Sia chiaro però che il problema ha due corni: l’opera appunto, ma contemporaneamente anche l’ambiente, da conservare anch’esso, e spesso può non esser facile. Ancora, si parla tipicamente di opere all’aperto: e come conservarle? Nella loro assoluta integrità, come al momento dell’installazione? Oppure prevediamo la possibilità di un invecchiamento (come rese esplicito lo scultore toscano Quinto Martini, con il suo parco di Seano, vicino a Poggio a Caiano)? E questo consisterebbe solo nell’invecchiamento prevedibile e «naturale» dei materiali, oppure comprenderebbe anche, ad esempio, la progressiva invasione della vegetazione, fino alla prevaricazione?

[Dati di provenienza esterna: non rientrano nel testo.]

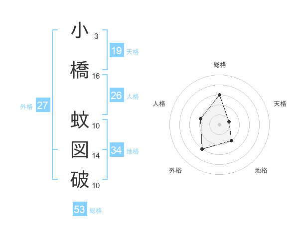 小橋 蚊図破さんの総格は53画の3点!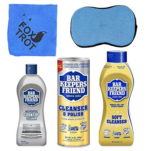 BAR KEEPERS FRIEND Cleanser Trio - Mega Bundle (21 Oz Cleanser and Polish Powder | 26 Oz Liquid Soft Cleanser | 13 Oz Cooktop Cleaner) Plus 1 Foxtrot Microfiber Towel and 1 Microfiber Scrubber Sponge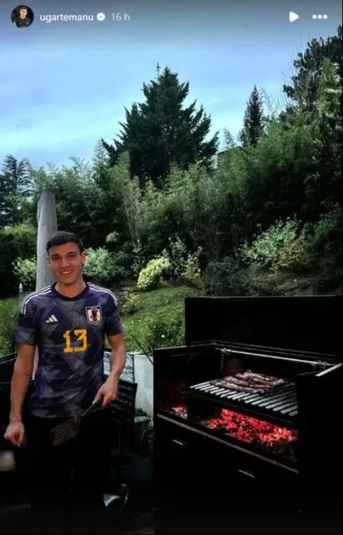Para hacerse cargo de la parrilla se puso una camiseta de Japón, la 13 de Morita, la que mostró en sus redes.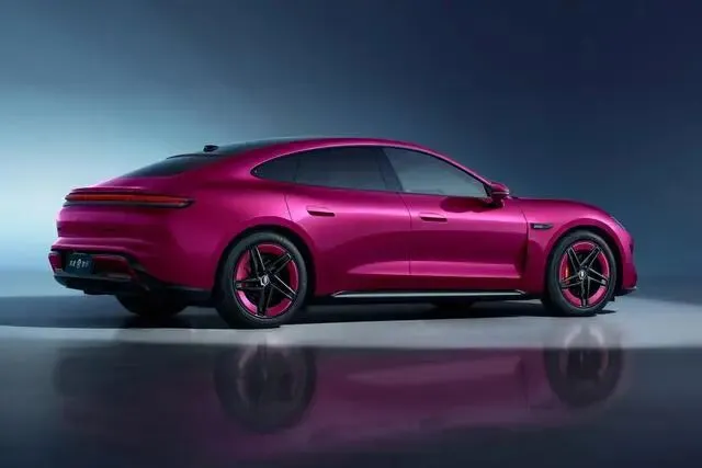 外观上,尚界Z7T的C柱前侧延续尚界Z7的经典设计,前机舱盖两侧隆起,营造出强烈的力量感;同时融入专属猎装风格,车尾造型饱满,搭配大尺寸尾翼、贯穿式尾灯与后包围黑色装饰,运动感拉满。车顶激光雷达、半隐藏式门把手、双色轮辋+黄色刹车卡钳的细节配置,更让科技感与运动感兼具,官图车型的“晚山新绿”配色也尽显高级。
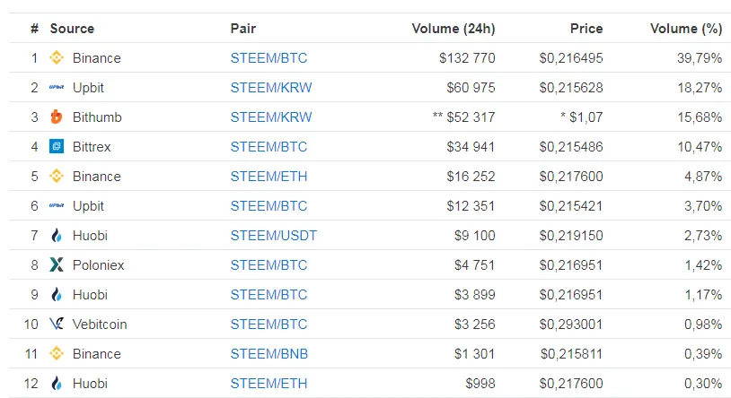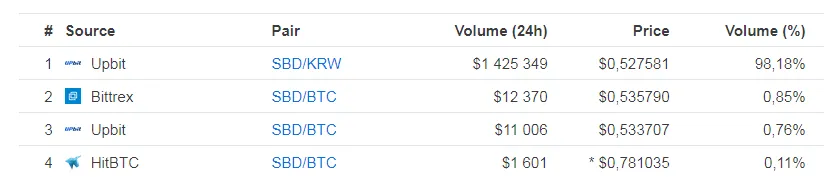Pretty much just Upbit runs this. And skip price of HitBTC as this "super exchange" has wallet down for half a year or maybe a year. They also owe me money that i cant withdrawal and reply to tickets "trader please wait".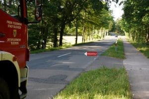 Bei Waldbränden standen vor vielen Jahren oft Einweiser am Waldrand – in den letzten Jahren werden gekippte Verkehrsleitkegel als Wegweiser benutzt.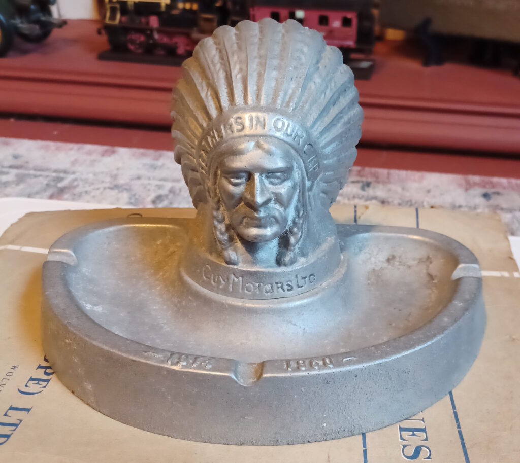 Here the Indian’s Head is mounted on an ashtray to make a presentation item. The makers of this piece were Wright and Pedley Ltd. The dates on the ashtray edge are -1914 1960-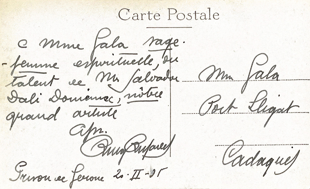 Basilinda, To Gala, About Salvador Dalí (Vintage Postcard from Paul Eluard’s Collection, Addressed to His Then Wife, Sent to Velorose from London, 2020) (Reverse) (Unique) (Not for Sale)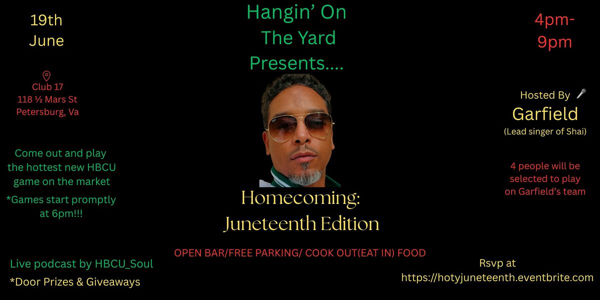 Come out and celebrate Juneteenth, Homecoming style. Join us as we eat, drink, and play Hangin' On The Yard, the hottest new game on the market. Hangin' On The Yard is an HBCU trivia game, with stroytellling, drawing, and singing categories. This event is hosted by Garfield(lead singer from Shai). There will be an open bar, cookout(eat in) food, and music. Come solo or bring your team. Come ready to play and have a great time. Calling all Greeks, HBCU alum, and anyone looking to have a great time. Remember, a homecoming is a family reunion, so everyone is welcomed!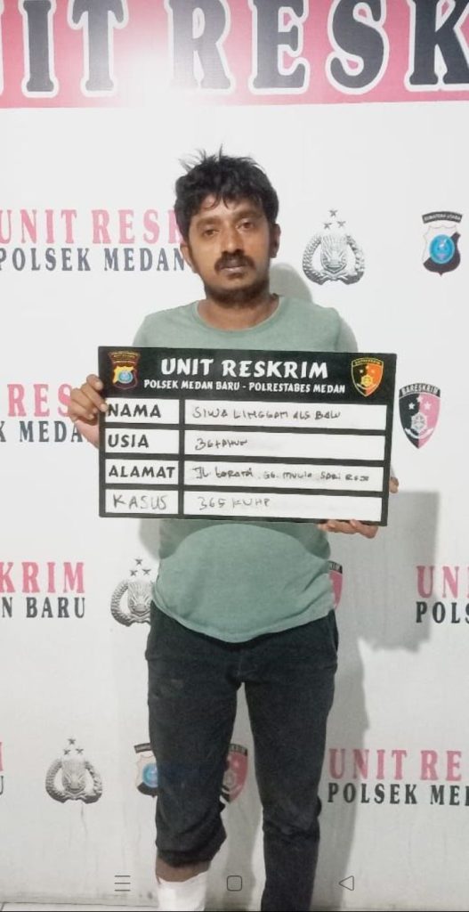 “Atas kejadian itu korban membuat laporan ke Polsek Medan Baru, dan selanjutnya laporan korban ditindak lanjuti personel Unit Reskrim Polsek Medan Baru untuk melakukan penyelidikan serta mengamankan pelaku yang sedang bersembunyi di Jalan Karya Lestari Gg Buntu kel. Polonia Kec. Medan Polonia,”ujarnya.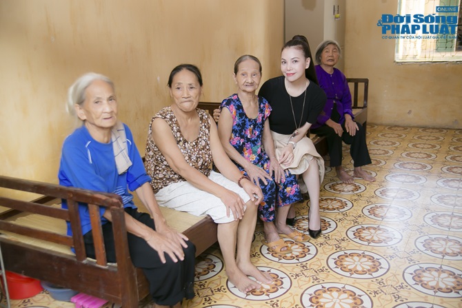 | Trà Ngọc Hằng dành nhiều thời gian đến thăm các cụ già ở Trung tâm bảo trợ. |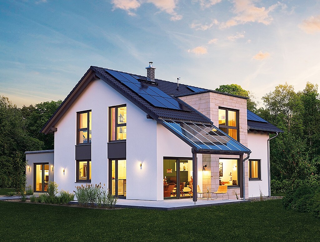 Der Hausentwurf Variant 35-172 zeigt einmal mehr, wie sich die klassische Satteldacharchitektur modern und zeitgemäß gestalten lässt.
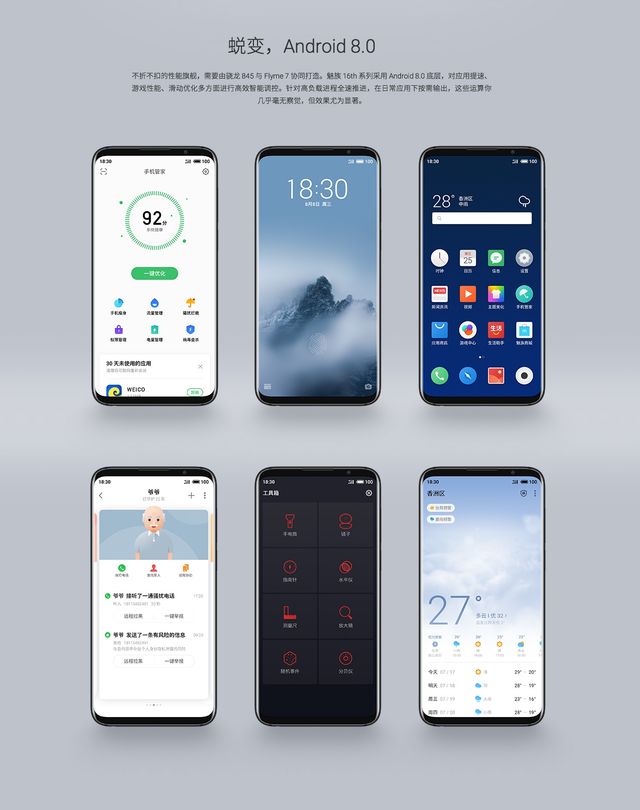 Модель Meizu 16 получит 6-дюймовый дисплей, а 16 Plus станет на половину дюйма крупнее. Смартфоны оборудуют основными камерами на 12 и 20 мегапикселей соответственно, при этом фронтальная камера будут одинаковой на обеих устройствах — 20 мегапикселей. В качестве операционной системы заявлена Android 8.1 Oreo.

Ci sarebbe stato bene qui un aggiornamento della questione relativa al Grande Cretto di Alberto Burri a Gibellina, lasciato da lui a 65mila metri quadrati sui 94mila progettati, e che risulta sia stato recentissimamente completato; e se sì, in base a quali criteri?

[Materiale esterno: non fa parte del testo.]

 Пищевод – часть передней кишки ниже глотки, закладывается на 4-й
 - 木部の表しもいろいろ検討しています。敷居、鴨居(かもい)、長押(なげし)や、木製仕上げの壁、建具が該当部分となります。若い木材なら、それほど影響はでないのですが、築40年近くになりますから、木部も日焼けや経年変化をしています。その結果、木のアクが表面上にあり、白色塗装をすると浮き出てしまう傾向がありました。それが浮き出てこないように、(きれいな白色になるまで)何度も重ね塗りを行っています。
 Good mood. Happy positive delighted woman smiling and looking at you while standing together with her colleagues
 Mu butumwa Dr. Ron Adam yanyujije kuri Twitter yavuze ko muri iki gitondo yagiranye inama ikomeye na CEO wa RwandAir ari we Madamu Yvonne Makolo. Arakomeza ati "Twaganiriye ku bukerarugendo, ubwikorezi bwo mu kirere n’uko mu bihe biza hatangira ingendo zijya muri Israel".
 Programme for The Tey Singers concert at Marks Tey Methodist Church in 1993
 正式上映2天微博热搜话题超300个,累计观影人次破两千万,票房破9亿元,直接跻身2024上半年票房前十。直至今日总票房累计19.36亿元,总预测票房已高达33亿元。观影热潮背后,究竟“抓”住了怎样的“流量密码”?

Infine, certamente non era possibile esaurire l’argomento in una sola giornata, ma occorre richiamare un altro e più intrigante, oltreché storicamente fondato, modo di concepire la Land art: come la manipolazione da parte dell’uomo dell’ambiente naturale stesso, fino a conferirgli forme e contenuti. E qui si ripresentano i grandiosi esempi ampiamente storicizzati di Robert Smithson, Walter De Maria, Richard Long, Joseph Beuys. Già la semplice selezione, il riconoscimento del luogo rappresentano un momento creativo, che modifica anche solo concettualmente il contesto ambientale in opera dell’arte; e quale conservazione potremo immaginare per il futuro di opere del genere? Precedute, a loro modo, dai disegni peruviani di Nazca, come dalla Grande Muraglia cinese. Molti, come si vede, i motivi di riflessione; in un contesto storico come quello attuale, in cui arte può essere tutto e in ogni luogo.